Web application reliability — RPA bots struggle with modern web applications that use dynamic rendering, single-page architecture, and frequent UI updates. Browser-level automation is inherently fragile for web-based systems.

AI agent integration — RPA bots are not APIs. Connecting them to AI agents requires middleware, orchestration layers, and additional complexity. AI agents need to call endpoints, not trigger bot processes.

Maintenance cost — industry data suggests 30-50% of RPA program budgets go to maintaining existing automations rather than building new ones. UI changes in target applications require bot updates.

Scaling economics — running hundreds of concurrent bots requires significant infrastructure. Each bot instance consumes compute resources comparable to a human workstation.

The 2026 evolution

Both UiPath and Automation Anywhere are actively adding API-based capabilities, AI features, and cloud-native deployment options. They recognize that the market is shifting from screen-level to API-level automation.
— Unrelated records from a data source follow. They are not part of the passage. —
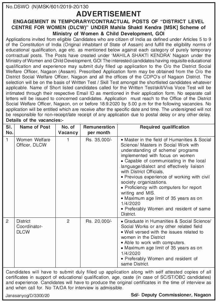 আবেদনৰ নিয়মঃ অহা ১৯ ছেপ্টেম্বৰৰ সন্ধিয়া ৫ বজাৰ ভিতৰত পোৱাকৈ আবেদন পত্ৰ নগাঁৱৰ জিলা সমাজ কল্যাণ বিষয়া কাৰ্যালয়লৈ প্ৰেৰণ কৰিব লাগিব।
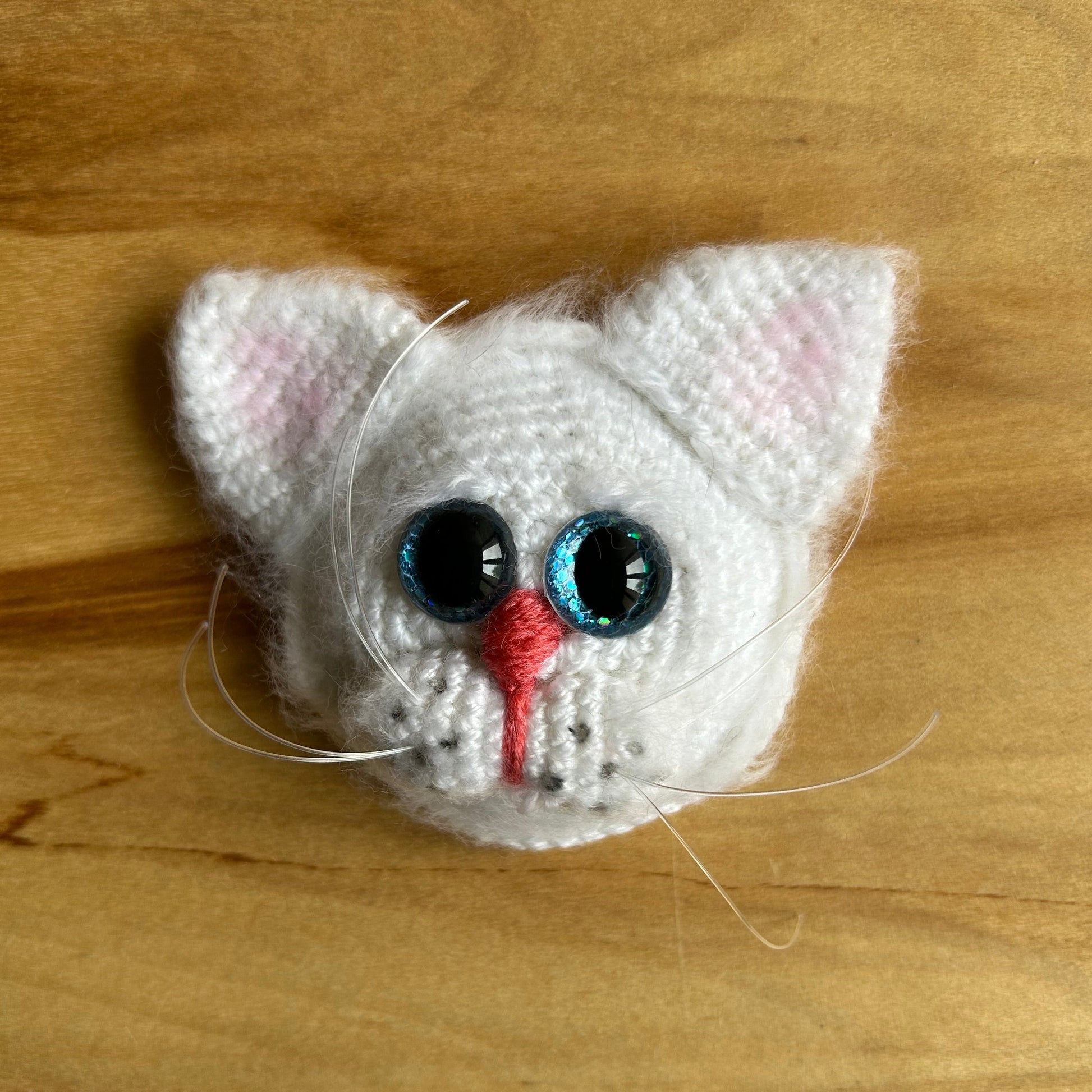 Tamborēta broša - Tamborrūķa meistardarbs - roku darbs, ar sirsnību un rūpību tamborēta broša "Kaķa galva", baltā krāsā, maigi rozā austiņām, ar baltas dzijas purniņu un zilām acīm, ūsām. Izgatavots no mīkstas, pūkainas dzijas, patīkama pieskārienam un droši stiprināma pie apģērba, šalles vai somas. Izmērs 8x9x3cm
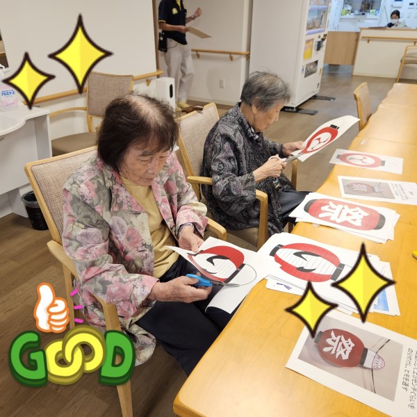 今月開催される「いきいき盆踊り」の飾り付けを手伝っていただいてます♪
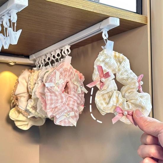 Конструкция направляющих слайдов: Легко доставайте резинки для волос благодаря конструкции с выдвижной направляющей этой вешалки, обеспечивающей легкий доступ и организацию без хлопот.
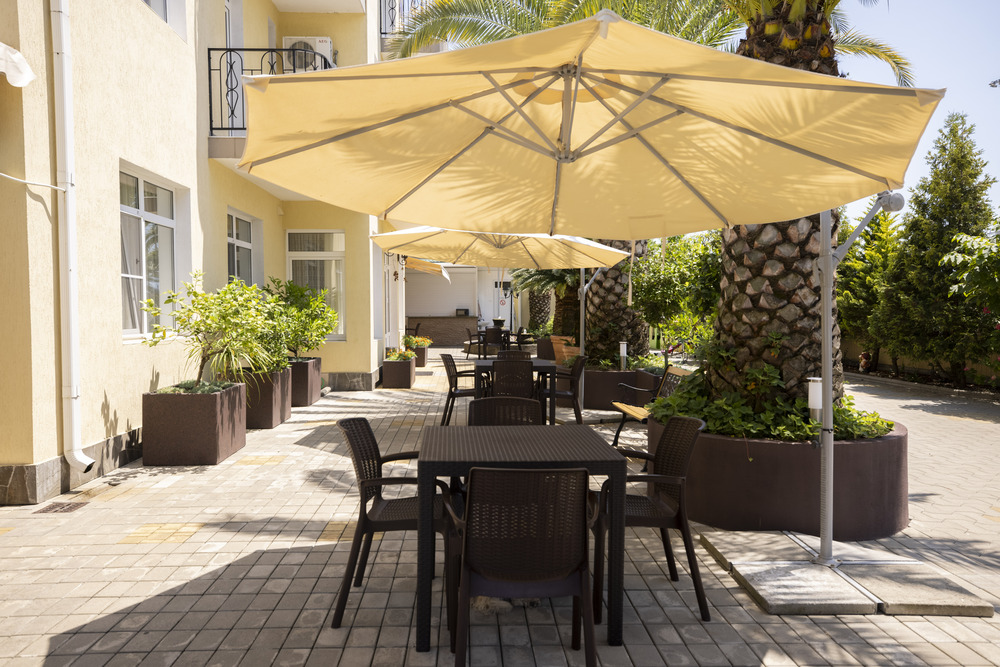 территории отеля возможен, как в тени, так и на солнце. В шаговой
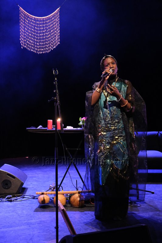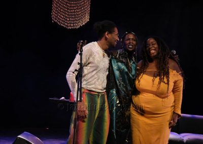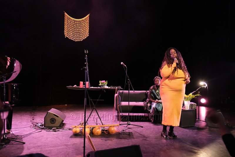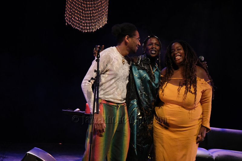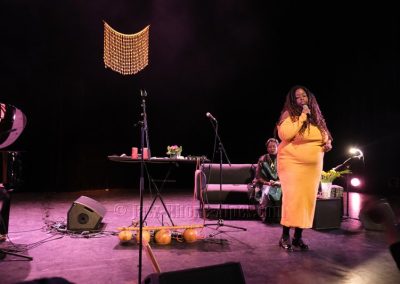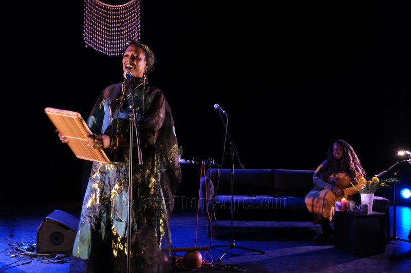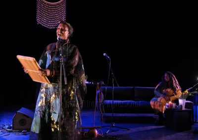 Elle sera accompagnée dans une scénographie avec canapé, table recouverte de bougies, bol chantant… de Kiyémis, d’origine camerounaise, blogueuse, autrice, afro-féministe française, engagée contre le sexisme, le racisme et la grossophobie et l’artiste, pianiste, chanteur Ariel Tintar. qui nous entraîne dans son voyage en paroles, en chants, en musique entre occident et Caraïbes, en français et en créole.
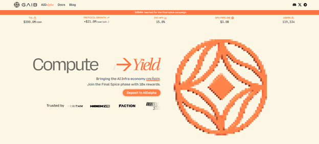 GAIB đã huy động được tổng cộng 15 triệu USD qua nhiều vòng gọi vốn từ các công ty đầu tư mạo hiểm và nhà đầu tư trong lĩnh vực cơ sở hạ tầng tiền điện tử và AI.

However, the core product architecture — built around recording and replaying UI interactions — creates challenges in making this transition. Adding API capabilities to an RPA platform is different from building automation around APIs from the start.
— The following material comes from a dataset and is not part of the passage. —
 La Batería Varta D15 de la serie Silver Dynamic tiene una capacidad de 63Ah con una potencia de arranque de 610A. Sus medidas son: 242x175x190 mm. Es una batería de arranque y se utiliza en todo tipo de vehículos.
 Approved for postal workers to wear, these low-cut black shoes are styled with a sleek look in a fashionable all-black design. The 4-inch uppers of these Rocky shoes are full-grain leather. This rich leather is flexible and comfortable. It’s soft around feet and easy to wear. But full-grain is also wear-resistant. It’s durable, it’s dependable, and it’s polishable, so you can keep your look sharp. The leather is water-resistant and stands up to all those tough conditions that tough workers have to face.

When to use enterprise RPA

Enterprise RPA remains the right choice when:

  • Your primary targets are desktop applications (not web-based)
  • You need enterprise governance and compliance features
  • You have an existing RPA program with established bots
  • Your organization prefers citizen developer tools over engineering solutions

When to use request-level automation

Request-level workflow APIs are better when:

  • Your targets are web-based systems
  • Speed and reliability at scale matter
  • AI agents need direct endpoint access
  • You want to avoid the maintenance overhead of screen-level automation

The bottom line

UiPath and Automation Anywhere built the RPA category and serve thousands of enterprises. Their strengths in desktop automation and enterprise governance are real. For web-based workflow automation — especially for AI agent integration — request-level approaches like Zatanna offer a fundamentally different trade-off: less governance tooling, but dramatically faster, more reliable, and more maintainable automation.